Search code examples
elasticsearchlogstash

Difference between ignore_older and sincedb_path in logstash


I'm gathering data from csv file. since data should be imported only one times, I needed to set some config for it in logstash. Below both config works same way that brings only new added rows. Any difference between them?

1.
start_position => "beginning"
ignore_older => 0 

2.
sincedb_path => "/dev/null"
start_position => "end"

Solution

  • From the documentation:

    ignore older

    When the file input discovers a file that was last modified before the specified timespan in seconds, the file is ignored. After it’s discovery, if an ignored file is modified it is no longer ignored and any new data is read. The default is 24 hours.

    And

    start position

    Choose where Logstash starts initially reading files: at the beginning or at the end. The default behavior treats files like live streams and thus starts at the end. If you have old data you want to import, set this to beginning.

    This option only modifies "first contact" situations where a file is new and not seen before, i.e. files that don’t have a current position recorded in a sincedb file read by Logstash. If a file has already been seen before, this option has no effect and the position recorded in the sincedb file will be used.

    So in your case number 1:

    You will start reading files from the beginning. In case you have old log files, you should do that, otherwise they won't be parsed (as logstash will wait for appending to the files). You are also including ALL files. Setting ignore_older to 0 will simply include everything. If you want to say exlcude everything that is older than X, you need to specify this option (e.g. when you want to reparse all your files, but you don't care about logs that are older than 2 weeks).

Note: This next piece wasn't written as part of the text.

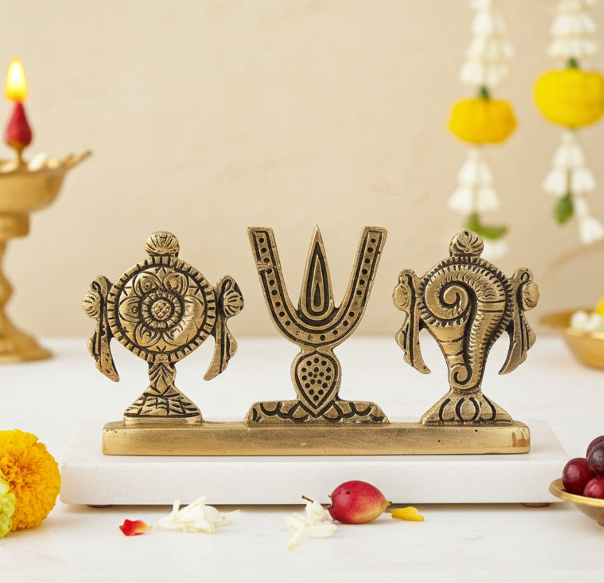 Brass Showpiece Shankh Chakra Namah God Idol Statue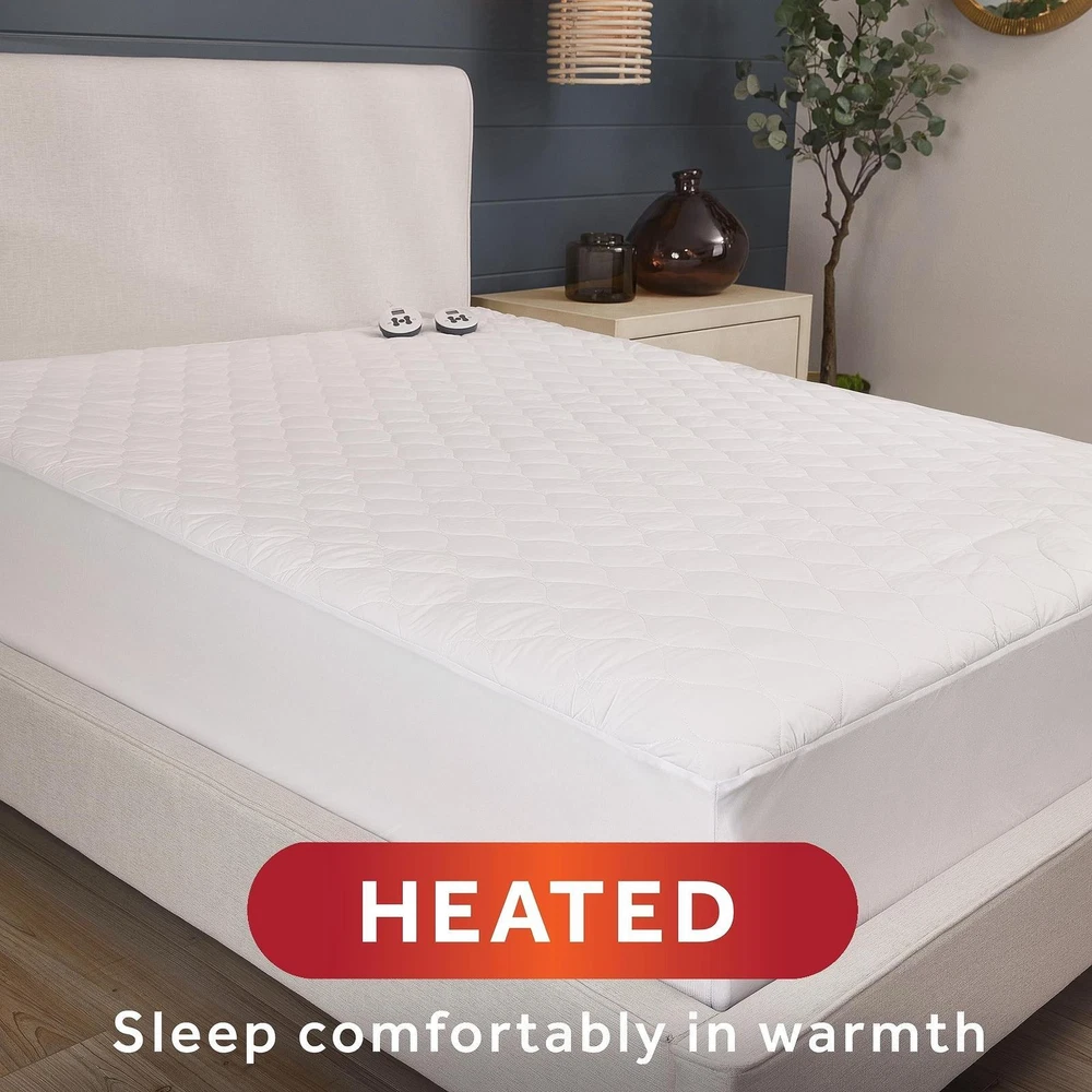 Sunbeam Restful Quilted Water Resistant Heated Mattress Pad - Queen White

    Your use case number 2:

    You will start reading all files from the end. Since you are nulling your sincedb path, this means that you will do that every time you restart, hence the logs appended while your logstash is down will be ignored, since logstash will not remember where in the file it left of.

    Why you are seeing the same results:

    These options only take effect on startup and new files. After you start up logstash, it makes no difference what they are doing. If you never shut it down (maintenance or similar) you will also not see any difference.

    The first usecase however is "better". It will reparse all new files since you specify 0, it also remembers where it has left of which will be useful when you shut down your logstash for a bit. The second usecase will loose data in case of restarts. It will also ignore all files that are older than 24 hours from being last modified.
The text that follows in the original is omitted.